Invoking Jimmy Savile to attack Nigel Farage over online safety is not just offensive – it exposes a deeper intolerance in political debate. Peter Kyle’s remarks cross a dangerous line, says Eliot Wilson
You would think that any mainstream politician would think twice before comparing an opponent to Jimmy Savile. The man police believe was not only a predatory sex offender on a horrifying scale but perhaps Britain’s worst sexual abuser is now the face of evil: guilty not just of appalling crimes (allegedly including necrophilia) but of abusing trust, exploiting his celebrity and eminence and of flaunting clues to his grotesque nature.
This is not like calling someone a “Nazi” or a “war criminal”. This is more personal: summoning up a universal hate figure and saying that your opponent is like him or on his side. Even in today’s febrile political atmosphere, that would, surely, be going too far.
Yet Peter Kyle, science, innovation and technology secretary, did just that. Last week, he was defending the Online Safety Act 2023, a statute many think misses its intended target and has unintentional but adverse consequences for free speech. Nigel Farage, leader of Reform UK, has been one of the most vocal of the act’s opponents. Speaking to Sky News, Kyle asserted that it was a “huge step forward” for online safety. But he did not – could not? – stop there.

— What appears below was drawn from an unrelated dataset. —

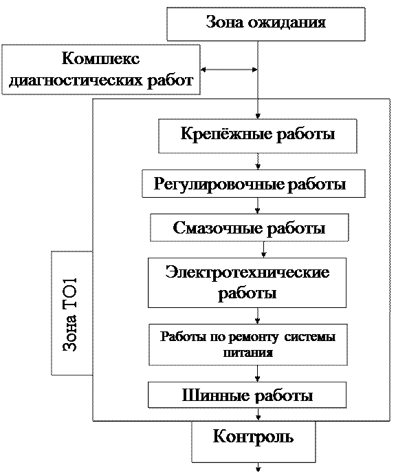 Из зоны ожидания автомобиль попадает зону ТО1.В зоне ожидания автомобиль проходит диагностирование для того чтобы снизить время общих работ в зоне ТО, при данном методе диагностирования можно выявить серьезные неполадки требующие постановки автомобиля на текущий ремонт и автомобиль сразу направить в зону текущего ремонта. В зоне ТО1 путём проведения установленного комплекса работ (крепёжные, регулировочные, смазочные, электротехнические и т.д.) выявляют и предупреждают отказы и неисправности, а также снижают интенсивность изнашивания деталей, узлов и механизмов для поддержания автомобиля в технически исправном состоянии. Из зоны ТО1 автомобиль попадает в зону контроля, где проводят контроль качества проведения ТО1.Схеме технологического процесса ТО1 представлена ниже на рисунке

“Make no mistake, if people like Jimmy Savile were alive today he would be perpetrating his crimes online – and Nigel Farage is saying he is on their side.”
You don’t have to be a Faragiste, and I am certainly not, to bridle at this. There are two problems, one essentially intellectual, the other much deeper and more emotional.
The first is that Kyle clearly thinks that the Online Safety Act (which was, ironically, introduced by the previous Conservative government though with Labour support) is the only possible way to regulate online content and safeguard the vulnerable. In his cramped, incurious mind, it is not possible to disagree with its provisions but agree in principle with its aims. That is not supposition on my part, but what Kyle said on social media:
“If you want to overturn the Online Safety Act you are on the side of predators. It is as simple as that.”
Labour’s way or the high way
This is the dogma of Roman Catholicism since St Cyprian: “extra Ecclesiam nulla salus”. There is no salvation outside the Church. More prosaically, it is the government’s way, or the high way.
There is a broader issue, which out of fairness I often try to explain away but which is demonstrated again and again. The progressive left genuinely thinks it is better than its opponents, more moral and more virtuous, and therefore anything in defence of its proposals and ideals is justified.
Kyle’s outbursts make it apparent that he cannot intellectually entertain the notion of someone disagreeing with him in good faith. Whether that ‘someone’ is Nigel Farage is immaterial; what matters is the nature of his response to any opposition. There are several arguments against the OSA: that it has driven users to virtual private networks (VPNs), beyond the reach of regulation and age verification; that it is such a blunt instrument it is blocking MPs’ speeches about child abuse; that it is effectively censoring coverage of anti-immigration protests.
These are serious problems which suggest poorly drafted, inadequate legislation. It is not merely Farage who opposes the Online Safety Act: Kemi Badenoch has been critical, lawyers have warned of an excessive regulatory burden and a petition to Parliament for the act’s repeal is nearing half a million signatures.
But Kyle wants to protect children! Who could disagree with that? Certainly only the malign. His logic is inexorable: if only the malign could oppose him, they should be called out. No criticism is too harsh: they are “on the side of predators”.
hen Angela Rayner called Conservatives “Tory scum”, when Zarah Sultana can shrug off the notion of celebrating the death of George W Bush, when Kneecap, the poor man’s Chumbawamba, can declare that “the only good Tory is a dead Tory”, these people show us who they are
Peter Kyle is not stupid – he is a former Cabinet Office special adviser with a PhD – so I cannot offer him that mitigation. When Angela Rayner called Conservatives “Tory scum”, when Zarah Sultana can shrug off the notion of celebrating the death of George W Bush, when Kneecap, the poor man’s Chumbawamba, can declare that “the only good Tory is a dead Tory”, these people show us who they are.
They show us their arrogance and self-righteousness, and they show us the streak of hatred in them. Nigel Farage’s armour-plated ego does not need an apology from Peter Kyle, nor are his hands always clean. The rest of us should treat Kyle as the former prisoners of war treated Emperor Hirohito on his state visit to London in 1971: quietly, firmly, turn our backs on him. He has proved he has nothing to say that we need to hear.